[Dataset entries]
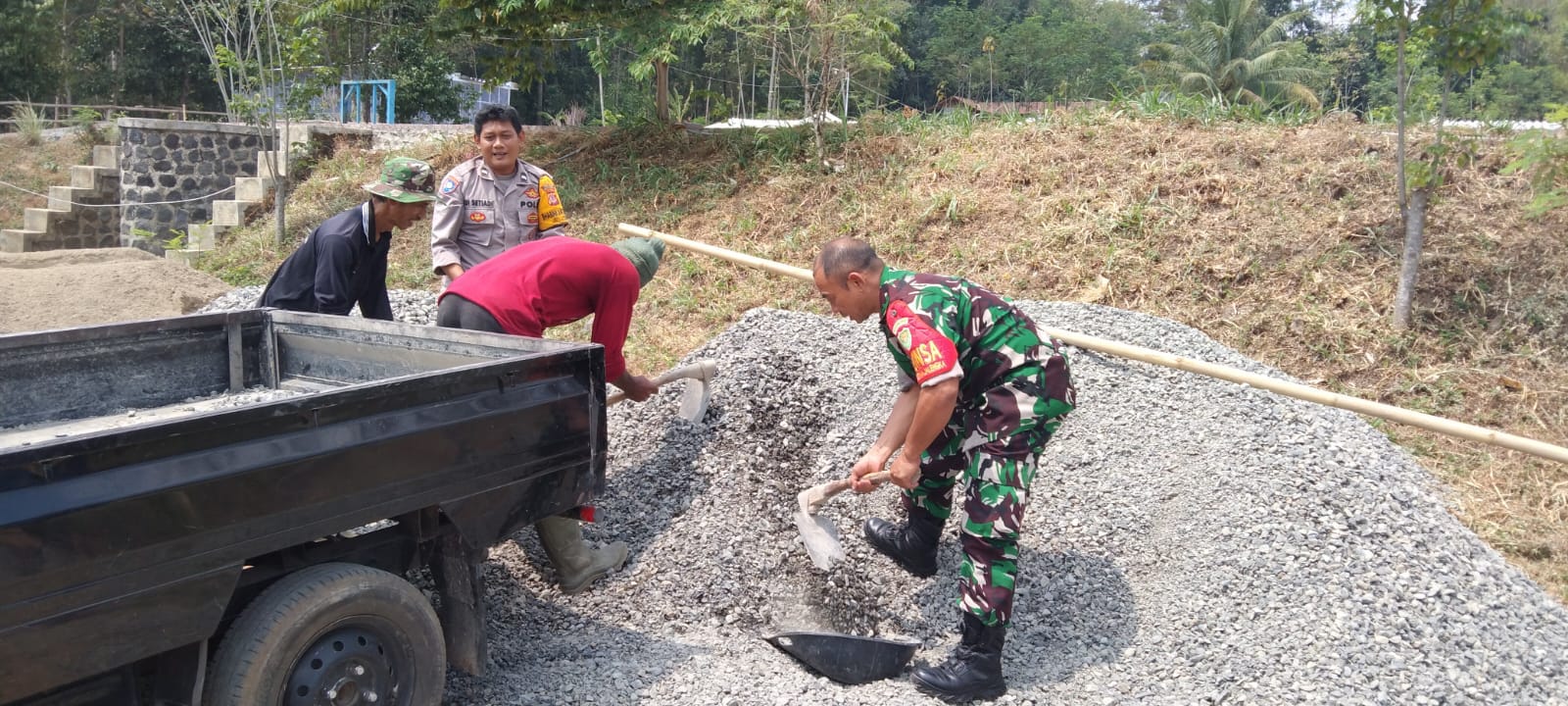 Dalam kegiatan tersebut, terlihat Aipda Edi Setiadi dan Babinsa bersama masyarakat bahu membahu menaikkan batu split ke mobil, sebagai bagian dari proses pembangunan embung. Kebersamaan ini menunjukkan kekompakan dan semangat gotong royong yang tinggi antara aparat keamanan dan warga.
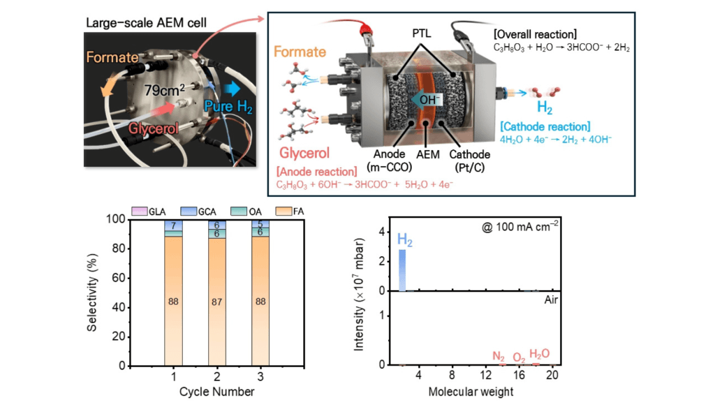 Het onderzoeksteam pakt dat probleem fundamenteel anders aan. In plaats van water aan de anode te oxideren, gebruiken ze glycerol, een goedkoop restproduct uit biodieselproductie. Deze aanpak heet de glycerol oxidation reaction (GOR). Daarbij ontstaat in plaats van zuurstof een waardevol chemisch product, formiaat. Het systeem levert daardoor niet alleen waterstof op, maar ook een verkoopbare chemische grondstof.
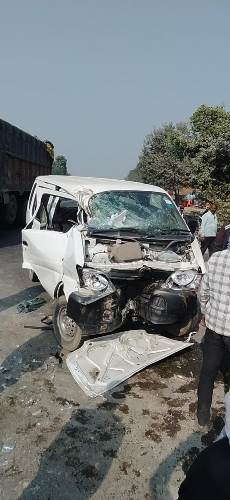 मारुति वैन में ट्रेलर ने मारी टक्कर वैन चालक घायल
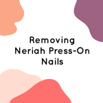 Taking off Neriah Press-on nails is just as simple as putting them on.1. In a bowl of warm water (do not use cold water) add some Neriah Mani Cuticle Oil to the bowl. 2. Soak your nails in the bowl for 5 – 10 minutes. The adhesive should weaken during the soaking making it very easy for the nails to...
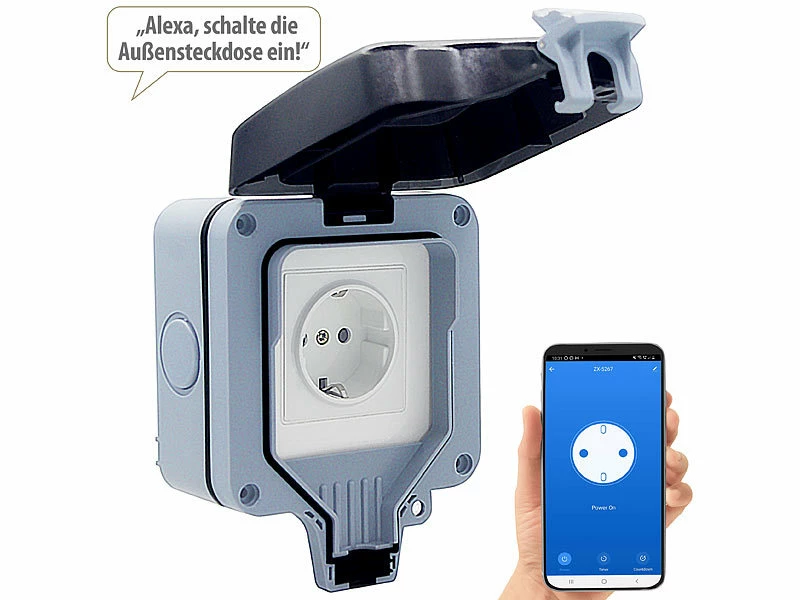 - 2 Outdoor-WLAN-Aufputzsteckdosen SF-520.avs inklusive Montagematerial und deutscher Anleitung – WLAN Steckdosen Zeitschaltuhr – Außerdem relevant oder passend zu: Tablet, Weihnachten
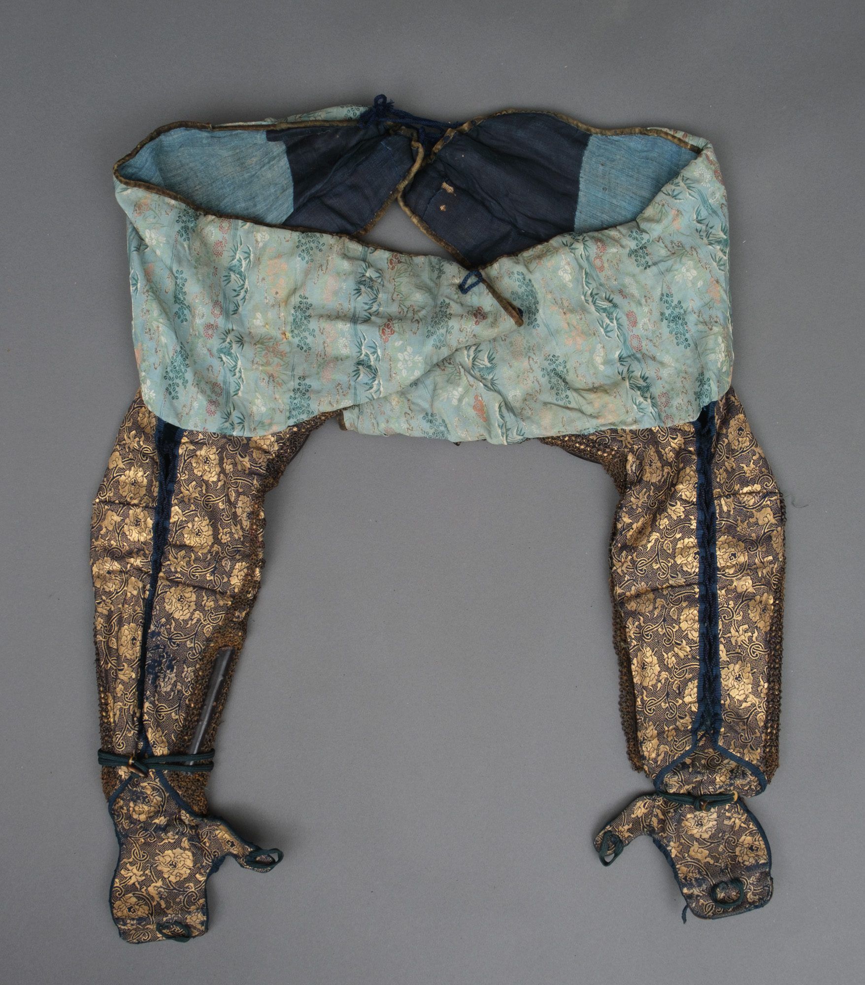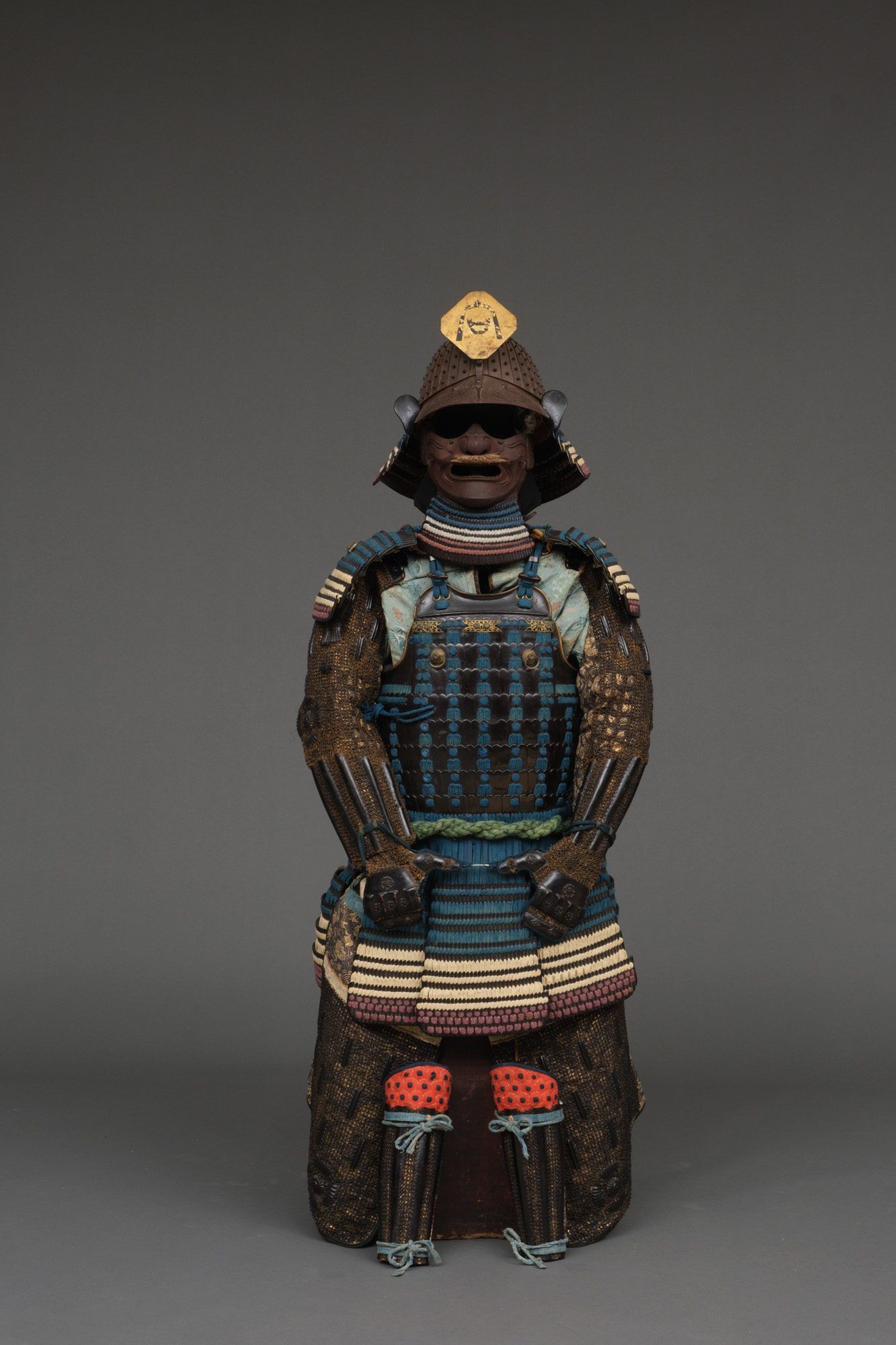 – Suneate (shin guards), shino-type, long metal plates connected by Japanese mail with a blue tateage (knee guards) and en-suite fabric.
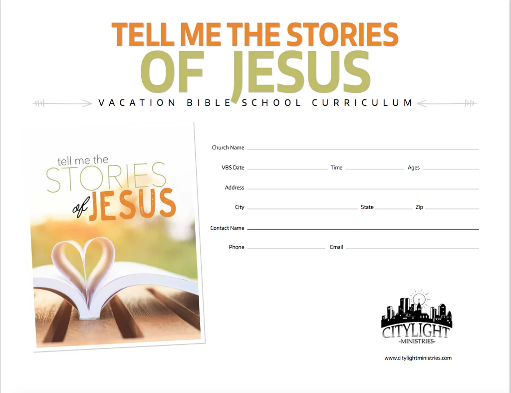Tell Me the Stories of Jesus VBS Curriculum poster & invitation
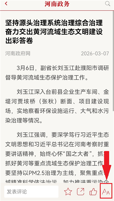 3、可以放大当前新闻的字体,不过只有这一个字号,再次点击可还原。

== INSTRUCTIONS FOR THE TASK ==
Transcribe exactly the lines from the one with "Tell Me the" to the last line of the records, both included, so that no picture appears in the copy.

== OUTPUT OF THE EXERCISE ==
Tell Me the Stories of Jesus VBS Curriculum poster & invitation
 3、可以放大当前新闻的字体,不过只有这一个字号,再次点击可还原。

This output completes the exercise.